AppGameKit Classic Chat->Atmospheric Scattering Shader?
P
PartTimeCoder Joined: 9th Mar 2015
Location: London UK
Posted: 13th Nov 2021 22:57
As with most complicated things I attempt I always check with you lot first so I don't spend 2 days reinventing the wheel when there is already a solution out there but this search revealed nothing of any direct use, so ..

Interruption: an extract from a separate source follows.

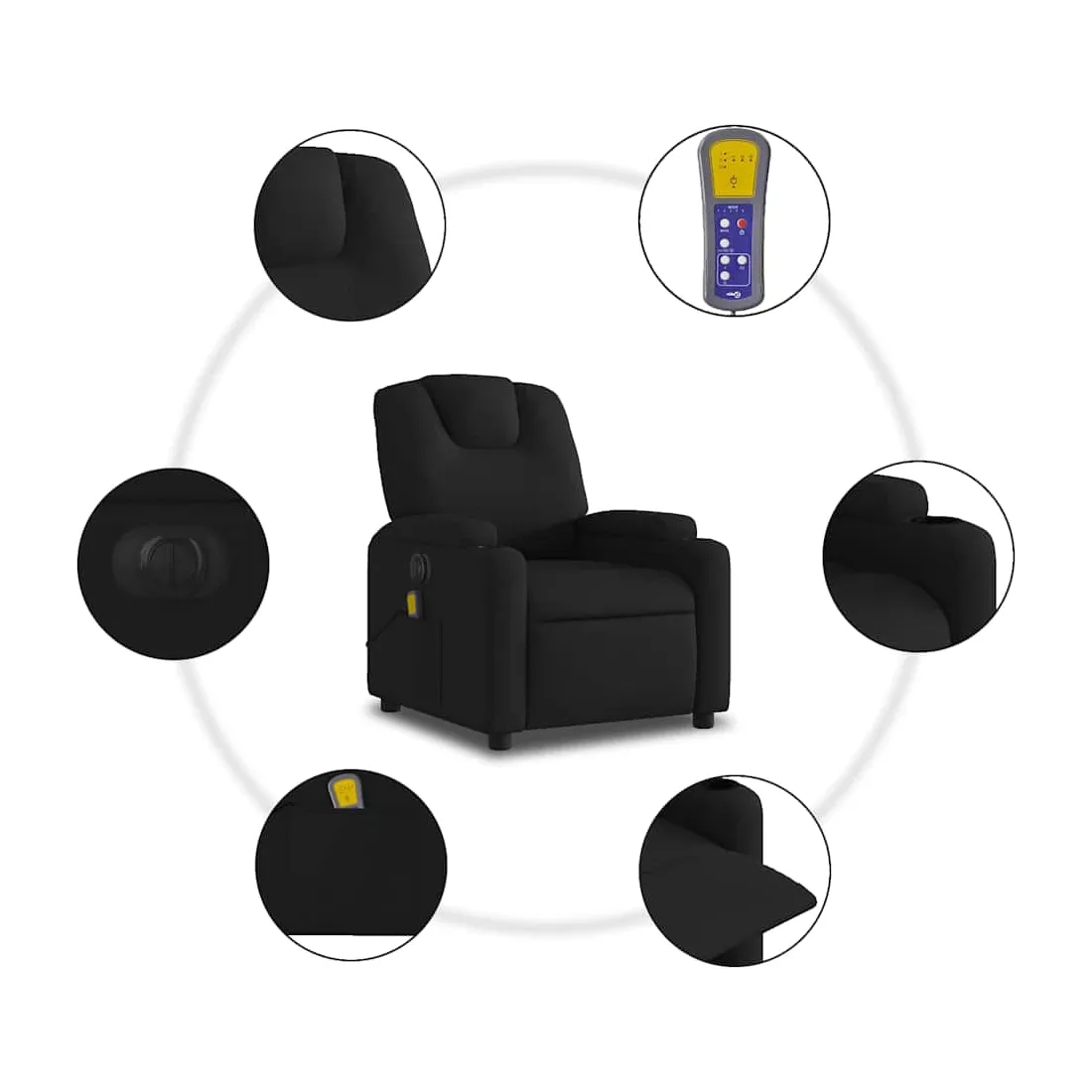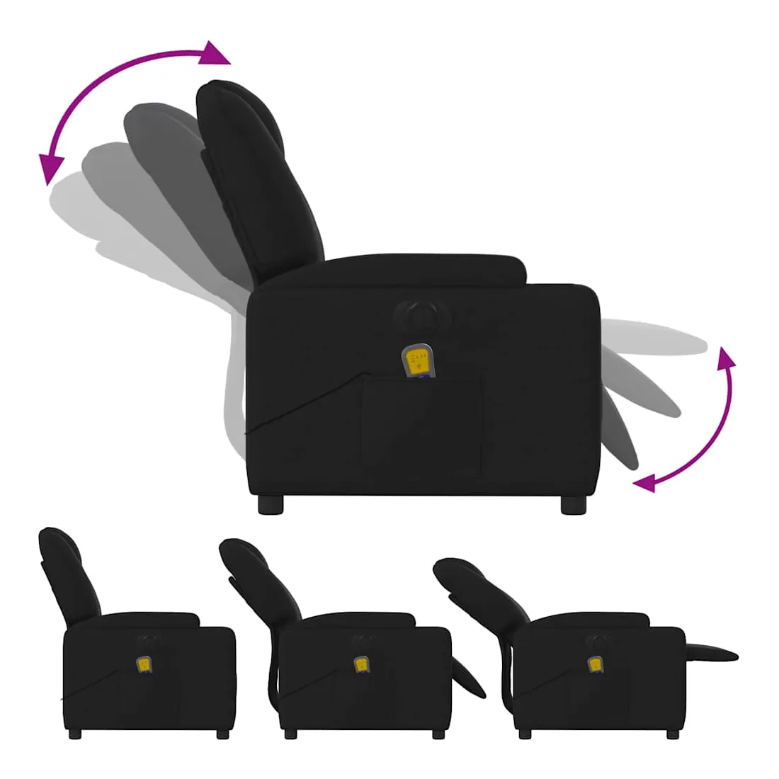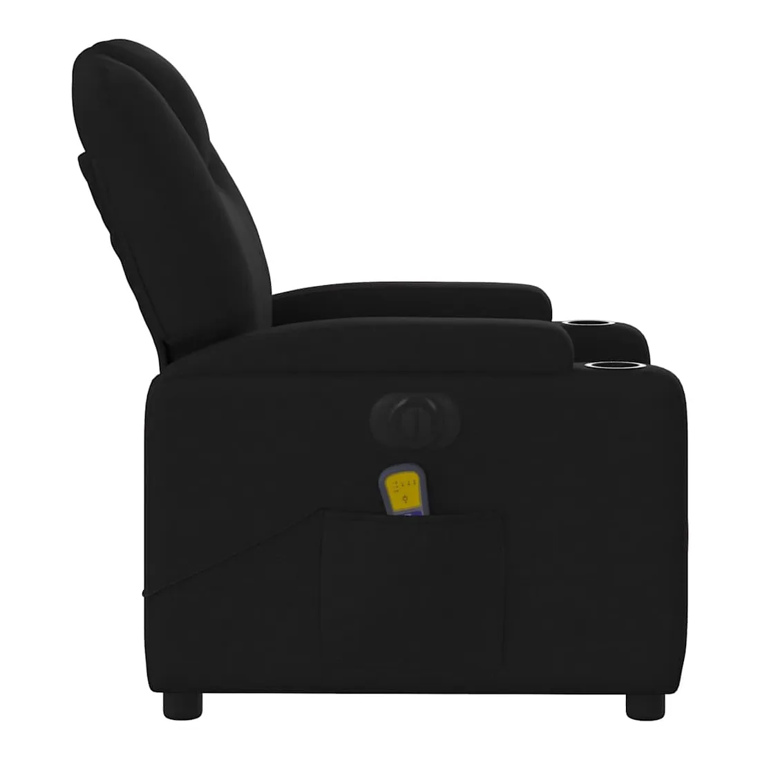 Asseyez-vous et détendez-vous dans ce fauteuil inclinable de massage électrique très confortable ! Fonction d'inclinaison électrique : ce fauteuil inclinable est équipé d'un moteur électrique qui permet de régler automatiquement le repose-pied et le dossier dans n'importe quelle position, selon votre confort, en appuyant simplement sur le bouton situé sur le côté du fauteuil. Cette fonction permet une inclinaison maximale de 135 degrés. En outre, le dossier peut revenir automatiquement à sa position d'origine par une simple pression sur le bouton.Fonction de vibration : les 6 points de massage vous permettent de faire l'expérience d'un massage mieux ciblé. De plus, la télécommande incluse vous permet de choisir différents programmes de massage. La fonction de massage est alimentée par le connecteur USB qui nécessite une source d'alimentation USB certifiée de 5 V (non fournie).Expérience d'assise confortable : le siège, le dossier et les larges accoudoirs bien rembourrés recouverts de tissu procurent une sensation confortable et chaleureuse, vous permettant de vous sentir enveloppé lorsque vous êtes assis. Le tissu présente un aspect simple et épuré et est respirant et durable.Porte-gobelets et poche latérale pratiques : ce fauteuil dispose de deux porte-gobelets pratiques pour vos boissons et d'une poche latérale pour votre télécommande ou pour garder vos objets essentiels à portée de main.Cadre solide et stable : le cadre en bois et en métal offre une structure solide et une grande stabilité. Ce fauteuil inclinable est confortable et durable.

Has anyone coded, got or can link to a 3D atmosphere shader that's compatible with AppGameKit?

I know I can use the outline shader in the pack, make it wide and blue but its not quite the same effect, combined with the shield shader it gives some interesting results but there is no "scattering" so it just kills the overall effect.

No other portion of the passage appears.